Excerpted from ipolitics, March 12, 2012

oday is Commonwealth Day. At the Pearson Building, they will run up the Commonwealth flag, a golden globe set on a blue background. The flag originated from car pennants used at the 1973 Commonwealth Heads of Government meeting in Ottawa.

The 61 spears that form a “C” around the globe on the flag represent not its members but rather the
functional work of the institution – practical, people-oriented and aimed at giving people a hand-up through technical assistance.

It is the Commonwealth’s usually overlooked functional work that deserves our first cheer. Commonwealth-supported initiatives range from setting standards and sharing best practices on everything from life-saving to lawyering. While no longer enjoying preferential arrangements, the idea of giving developing nations preferred access, now a principle of the WTO, began with the imperial preferences.

Sports play a big part in encouraging fellowship. The Commonwealth Games were first hosted in Hamilton by Canada in 1930. Every four years they bring together Commonwealth athletes in what are purposely styled the ‘Friendly Games’.

The second cheer goes to Canada’s continuing contribution.

Born out of the old British Empire, the Commonwealth is arguably the oldest continuous intergovernmental association. That it evolved from Empire to Commonwealth owes much to the initiative of then prime minister Louis St. Laurent and Lester Pearson, then our minister for external affairs.

The challenge in 1948-9 was how to incorporate the new republic of India, the former ‘jewel in the Crown’, into a group that still pledged allegiance to that Crown. Working with Indian prime minister Nehru and others, St.
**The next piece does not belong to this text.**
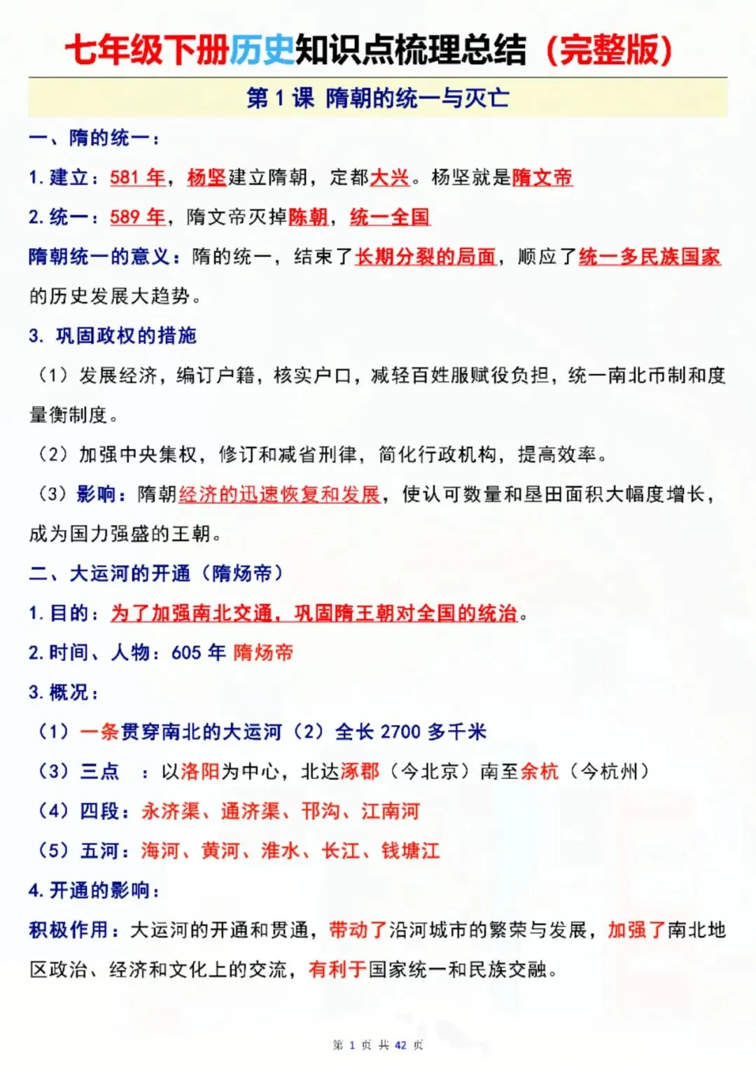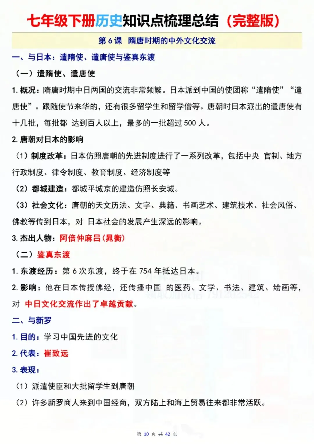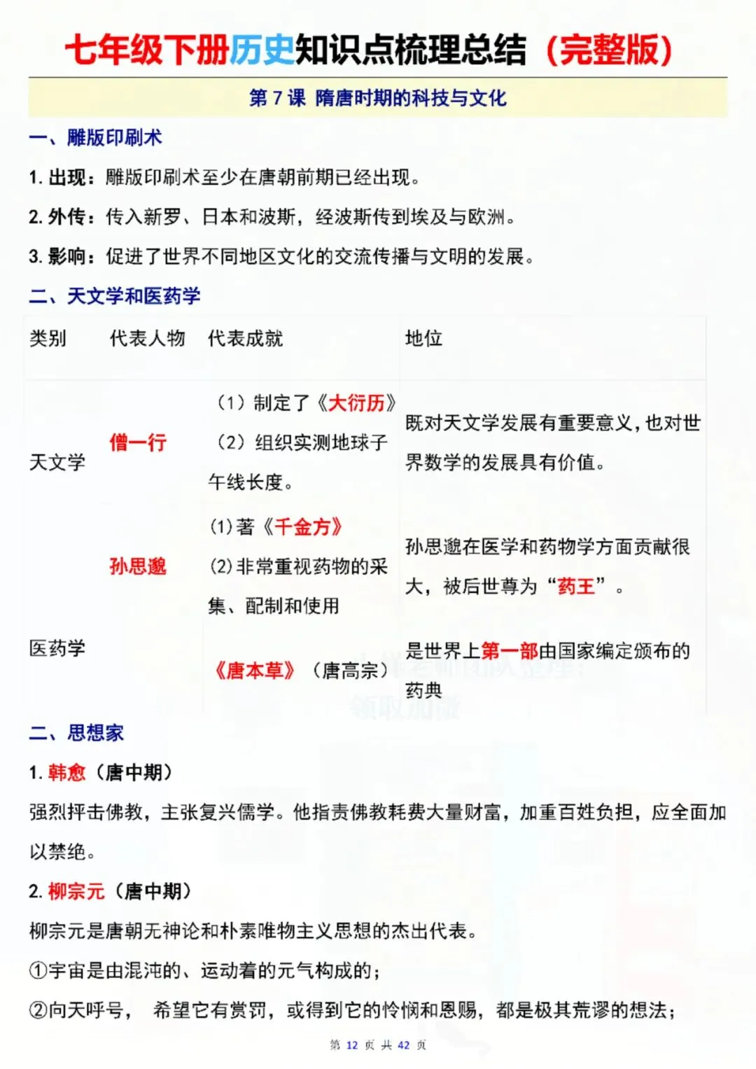 今天老师给大家整理了:七年级下册历史全册知识点总结 电子版可打印!

Laurent and Pearson came up with the London Declaration whereby the Crown is recognized as “symbol of the free association of its independent member nations and as such the Head of the Commonwealth”.

The first Secretary General of the Commonweath was Arnold Smith, a distinguished Canadian diplomat and contemporary of Pearson. Appointed in 1965, his ten-year tenure put in place the core political values that culminated in the 1971 Singapore Declaration and the belief that “that our multi-national association can expand human understanding and understanding among nations, assist in the elimination of discrimination based on differences of race, colour or creed.”
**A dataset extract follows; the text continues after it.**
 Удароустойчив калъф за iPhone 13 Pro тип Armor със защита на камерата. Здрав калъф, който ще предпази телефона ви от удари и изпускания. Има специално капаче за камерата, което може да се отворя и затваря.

Non-discrimination and respect for human rights are fundamental to the Commonwealth ideal. With strong leadership from Canadian prime minister John Diefenbaker, South Africa was shown the door over its apartheid practices in 1961 (then readmitted in 1994 with the end of apartheid).

In the intervening years, Nigeria and Pakistan were also suspended over human rights violations and Zimbabwe and Fiji are currently outside the Commonwealth for the same reason.

Prime Minister Harper has criticized human rights abuses in Sri Lanka and he has served notice that, without progress, he’ll boycott the next Commonwealth Heads of Government meeting (CHOGM), scheduled for Colombo, Sri Lanka in 2013.

The Harper approach is consistent with Canadian leadership since the inception of the modern Commonwealth.

Canadian Senator Hugh Segal is one of the ‘eminent persons’ who are currently leading the reform movement within the Commonwealth. Inspired by the core values of non-discrimination, the Eminent Persons Group presented 106 ‘urgent’ recommendations, at the Perth 2011 CHOGM. They reported that the Commonwealth was in a state of decay and in urgent need of ‘people’ oriented reforms, including a Charter reflecting human rights, democracy and the rule of law.

Leaders agreed to the need for “one clear, powerful statement” but there was no consensus on recommendations that, as well as the proposed Charter, included the repeal of anti-sodomy laws and the creation of a human rights commissioner.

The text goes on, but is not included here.